→ **WORKING DATA**:

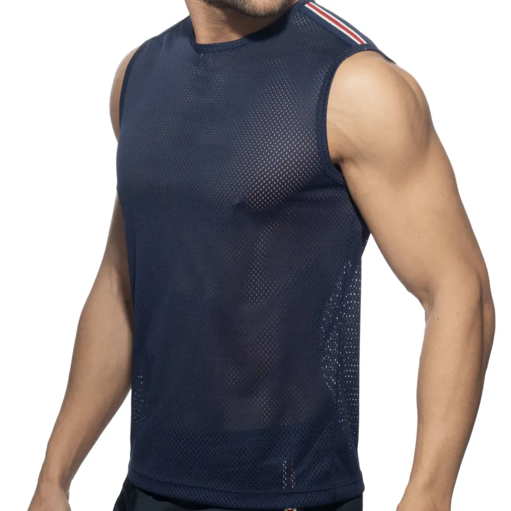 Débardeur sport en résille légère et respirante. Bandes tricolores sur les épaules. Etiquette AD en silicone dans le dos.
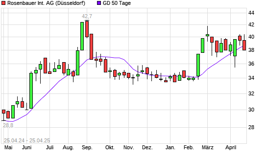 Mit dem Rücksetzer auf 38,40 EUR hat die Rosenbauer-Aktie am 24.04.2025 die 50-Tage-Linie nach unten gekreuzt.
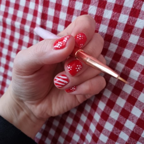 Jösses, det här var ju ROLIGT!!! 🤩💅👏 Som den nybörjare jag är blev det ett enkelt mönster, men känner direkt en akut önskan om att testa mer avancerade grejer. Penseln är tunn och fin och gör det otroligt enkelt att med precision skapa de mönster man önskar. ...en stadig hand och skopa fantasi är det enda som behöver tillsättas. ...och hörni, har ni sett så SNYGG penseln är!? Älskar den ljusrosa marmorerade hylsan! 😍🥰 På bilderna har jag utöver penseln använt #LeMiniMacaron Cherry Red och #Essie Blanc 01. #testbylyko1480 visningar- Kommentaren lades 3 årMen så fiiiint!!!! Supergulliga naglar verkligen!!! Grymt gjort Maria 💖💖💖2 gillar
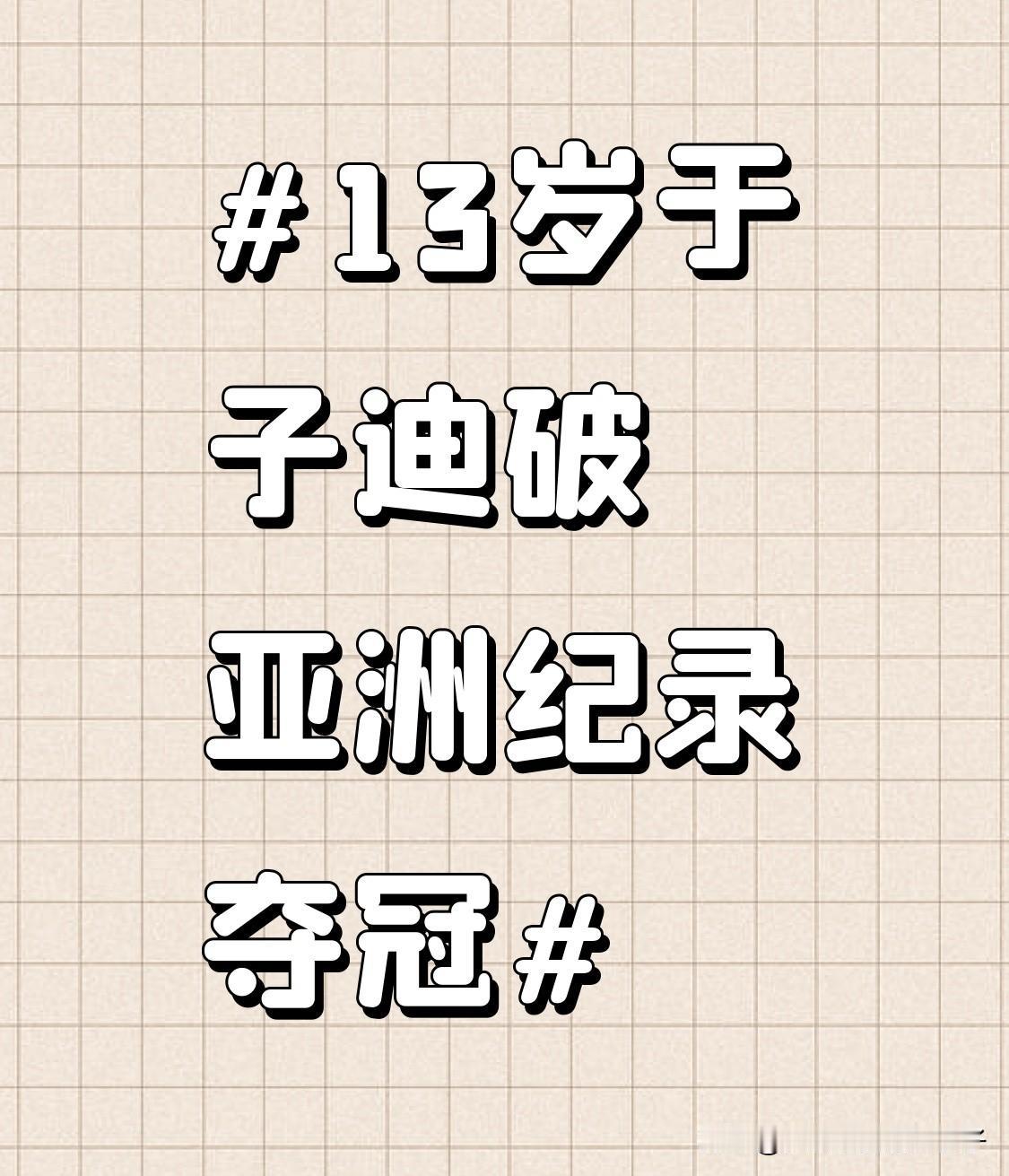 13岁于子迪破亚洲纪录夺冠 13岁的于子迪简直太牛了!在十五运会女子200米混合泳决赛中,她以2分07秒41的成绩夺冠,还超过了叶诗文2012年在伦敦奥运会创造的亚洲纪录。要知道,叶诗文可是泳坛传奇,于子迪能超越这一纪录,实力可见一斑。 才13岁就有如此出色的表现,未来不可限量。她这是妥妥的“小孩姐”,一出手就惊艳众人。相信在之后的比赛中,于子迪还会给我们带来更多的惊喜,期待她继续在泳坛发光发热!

...

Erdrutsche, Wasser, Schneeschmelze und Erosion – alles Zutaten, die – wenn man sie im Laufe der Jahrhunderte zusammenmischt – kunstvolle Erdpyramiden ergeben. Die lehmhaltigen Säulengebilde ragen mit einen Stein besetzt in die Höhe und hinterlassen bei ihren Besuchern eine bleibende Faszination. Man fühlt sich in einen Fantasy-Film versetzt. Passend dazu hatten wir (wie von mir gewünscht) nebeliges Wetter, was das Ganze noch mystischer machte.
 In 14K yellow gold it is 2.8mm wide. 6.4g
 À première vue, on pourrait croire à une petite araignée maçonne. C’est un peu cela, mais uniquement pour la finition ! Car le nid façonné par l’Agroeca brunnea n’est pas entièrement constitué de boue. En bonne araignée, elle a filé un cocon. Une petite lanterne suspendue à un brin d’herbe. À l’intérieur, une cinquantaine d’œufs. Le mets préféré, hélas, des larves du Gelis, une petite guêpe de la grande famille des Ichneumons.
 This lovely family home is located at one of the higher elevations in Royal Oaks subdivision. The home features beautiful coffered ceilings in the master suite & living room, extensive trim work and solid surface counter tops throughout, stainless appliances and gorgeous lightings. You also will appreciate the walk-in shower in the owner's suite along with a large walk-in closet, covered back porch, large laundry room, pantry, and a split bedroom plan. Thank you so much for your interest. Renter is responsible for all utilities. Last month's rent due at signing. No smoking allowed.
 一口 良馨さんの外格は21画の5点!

→ **YOUR OBJECTIVE**: Reproduce exactly the entries above, limited to the lines from the one with "This lovely family" through the one with "一口 良馨さんの外格は21画の5点!", both included.

→ **RESULT OF THE EXERCISE**:
 This lovely family home is located at one of the higher elevations in Royal Oaks subdivision. The home features beautiful coffered ceilings in the master suite & living room, extensive trim work and solid surface counter tops throughout, stainless appliances and gorgeous lightings. You also will appreciate the walk-in shower in the owner's suite along with a large walk-in closet, covered back porch, large laundry room, pantry, and a split bedroom plan. Thank you so much for your interest. Renter is responsible for all utilities. Last month's rent due at signing. No smoking allowed.
 一口 良馨さんの外格は21画の5点!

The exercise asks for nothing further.